10 How to Forgive

The under-anger approach to forgiving others

 

View the video on YouTube here

 

While the approach we described last time works well in most situations, sometimes a different approach works better. Here’s an alternative approach.

 

Identifying the vulnerable emotions
Anger feels empowering. It’s easy to feel strong when we’re angry. Other negative emotions such as fear and shame create a much more vulnerable feeling. But sometimes it’s important to set aside the strong feeling of anger to deal with the more vulnerable emotions that are “underneath it.” The anger may be covering up an emotion such as fear, abandonment, shame, feeling like garbage, confusion, hopelessness, invalidation, powerlessness. Often when these vulnerable feelings are dealt with, then the anger simply evaporates because it doesn’t serve a purpose any more; we don’t need to be angry to feel strong.

You may find that this process connects you with memories unrelated to the incident you are trying to forgive. That really is okay. In fact, it’s very good because it allows you to resolve issues from the past that are feeding into the anger you are experiencing in the present.

 

 

Steps for this alternative approach
NOTE: While you may be able to do this on your own, stop if you feel unsafe or unsure of what to do.
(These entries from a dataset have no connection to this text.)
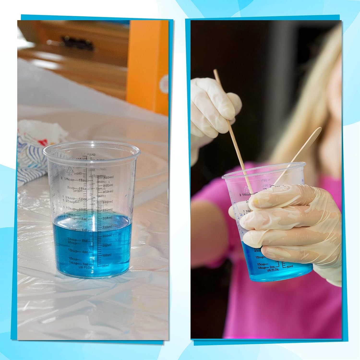 Features: Our plastic mixing measuring cups are great for mixing and measuring pigments, resins, epoxies, stains, arts and crafts materials. The disposable measuring cups for resin can be applied for DIY creations, painting projects, science experiments, teaching demonstrations and more, as well as for cooking, baking, mixing sauces and precise measurement of cosmetic ingredients The clear disposable measuring cups for resin are made of clear polypropylene plastic, sturdy, thick and unbreakable, with a smooth interior and clear graduations. These resin mixing cups are recyclable and can be reused or disposable Specifications: Material: plastic Color: clear Size: 20 oz (600ml) Package includes: 200 x Plastic mixing cups Notes: Manual measurement, please allow slight errors on size. The color may exist a slight difference due to different screen displays
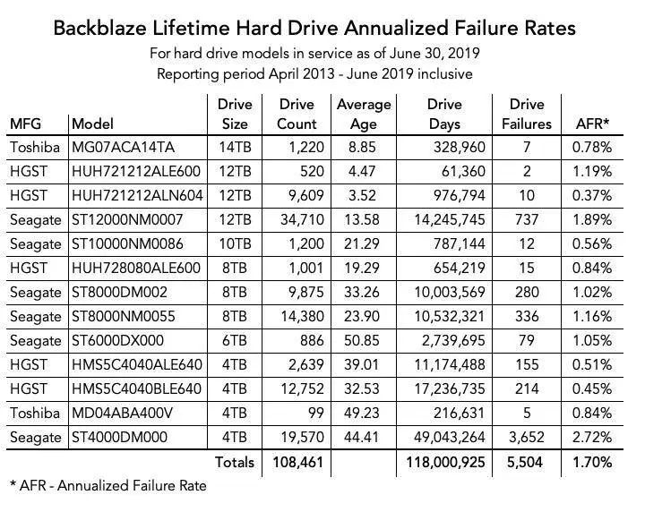 “好”这个词很笼统,性能大家都差不多,主要看故障率了,下面是数据存储厂商Backblaze,发布的2019年度硬盘故障率报告,也许我们可以从中一看端倪。
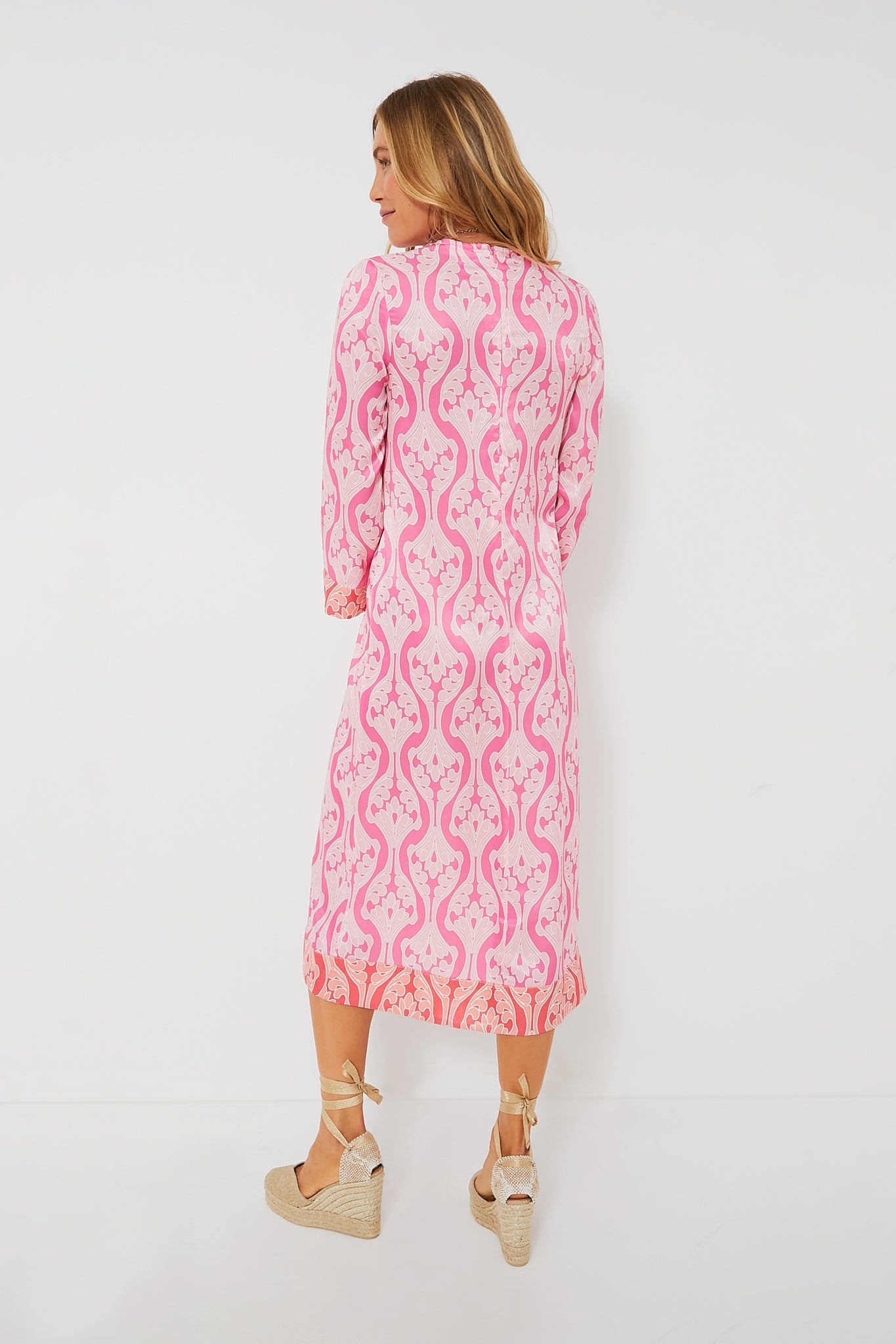 Pretty in Pink! The Hayes Dress is an understated stunner that deserves a spot in your closet. Done in an exclusive soft and silky geometric print. this midi features a crewneck with contrast print on cuff and hem. A true classic. this silhouette can work for every occasion and every body type. so it is no surprise that it has become our go-to for everything from cocktails with friends to warm-weather vacations to sea side weddings. Add strappy sandals and statement accessories for chic feminine look at all your RSVPs this season.
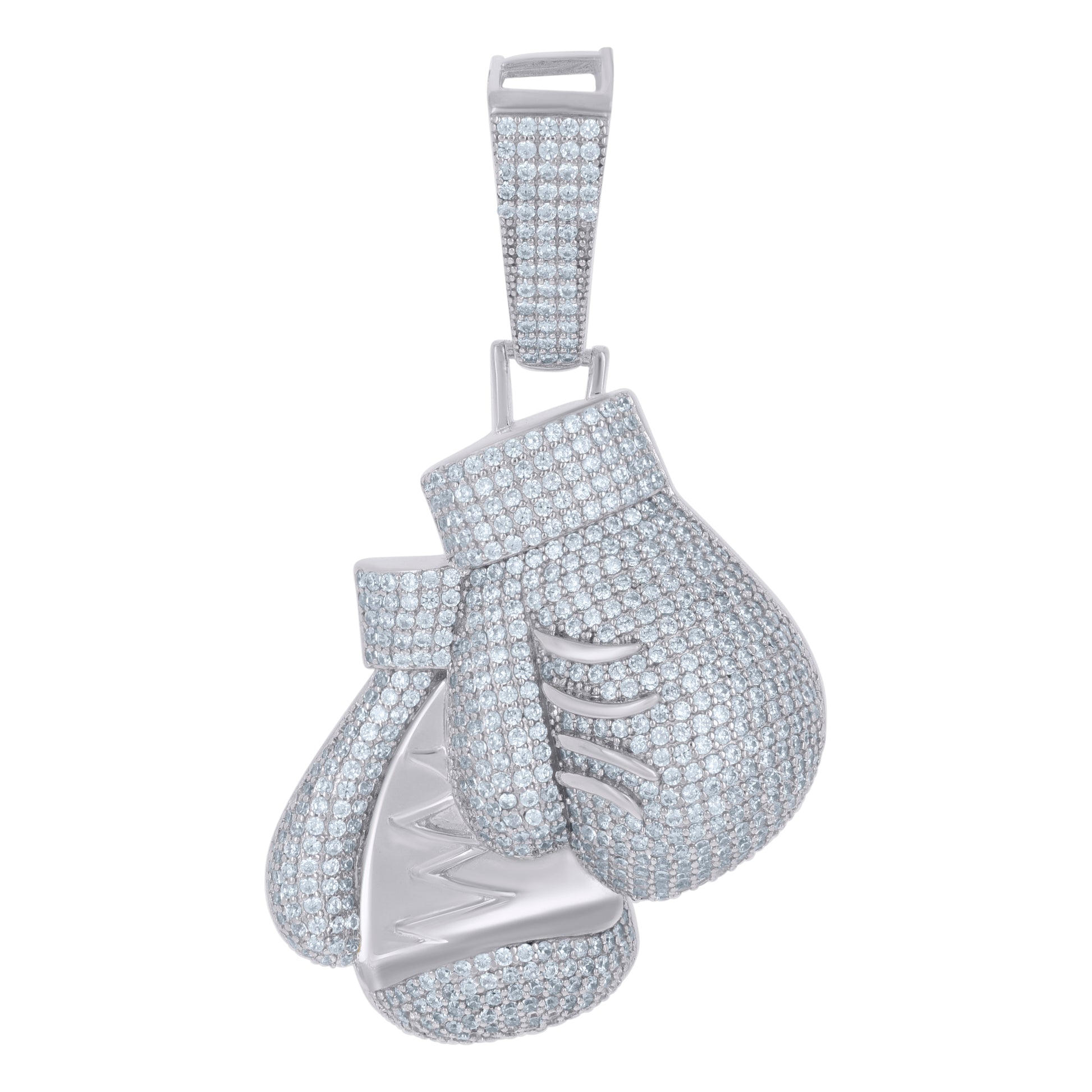 925 Sterling Silver Mens Cubic-Zirconia Boxing Gloves Sports Charm Pendant

Find a trained prayer minister, godly friend, or licensed therapist—someone who can help you create a safe place to process these volatile emotions.
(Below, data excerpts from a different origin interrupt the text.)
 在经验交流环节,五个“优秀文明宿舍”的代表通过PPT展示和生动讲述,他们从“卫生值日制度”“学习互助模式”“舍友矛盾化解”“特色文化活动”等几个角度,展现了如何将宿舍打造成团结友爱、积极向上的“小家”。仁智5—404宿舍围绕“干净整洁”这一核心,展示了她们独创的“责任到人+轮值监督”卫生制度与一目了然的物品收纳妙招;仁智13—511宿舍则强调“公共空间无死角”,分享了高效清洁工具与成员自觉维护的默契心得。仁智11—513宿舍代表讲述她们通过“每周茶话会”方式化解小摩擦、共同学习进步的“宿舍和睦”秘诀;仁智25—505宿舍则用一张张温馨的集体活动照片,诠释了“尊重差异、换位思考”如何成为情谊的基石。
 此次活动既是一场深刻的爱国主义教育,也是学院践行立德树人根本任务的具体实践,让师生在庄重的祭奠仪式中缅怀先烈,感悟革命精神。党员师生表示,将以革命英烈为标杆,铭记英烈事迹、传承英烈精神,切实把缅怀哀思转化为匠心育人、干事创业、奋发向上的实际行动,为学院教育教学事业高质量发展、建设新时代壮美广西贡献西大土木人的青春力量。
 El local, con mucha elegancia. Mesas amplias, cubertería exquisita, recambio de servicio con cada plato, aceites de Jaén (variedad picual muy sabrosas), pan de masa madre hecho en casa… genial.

1. Focus on what you’re feeling inside. Set aside the anger, and let yourself feel the more vulnerable feelings behind that anger.

2. As you focus on those vulnerable emotions, what memories or beliefs come into your mind. How did those feelings first become part of your life? If those feelings could talk, what would they say? What feels true in the memory(ies) you surface? (Give yourself some time with this; this usually takes several minutes.) Remember, we’re not trying to identify what IS true; we’re trying to identify what FEELS true, even if we know it isn’t true.

3. Invite Jesus to share His perspective and whatever He wants to give you. You could pray, “Lord Jesus, this feels true. What do I need from You?” Give the Lord time to share what He wants to share with you. Sometimes this is dramatic; often it is not. Often it’s just a quiet sense that Jesus is with you, and things are okay.

4. Repeat steps 2 and 3 until all the unpleasant feelings are gone, and peace remains.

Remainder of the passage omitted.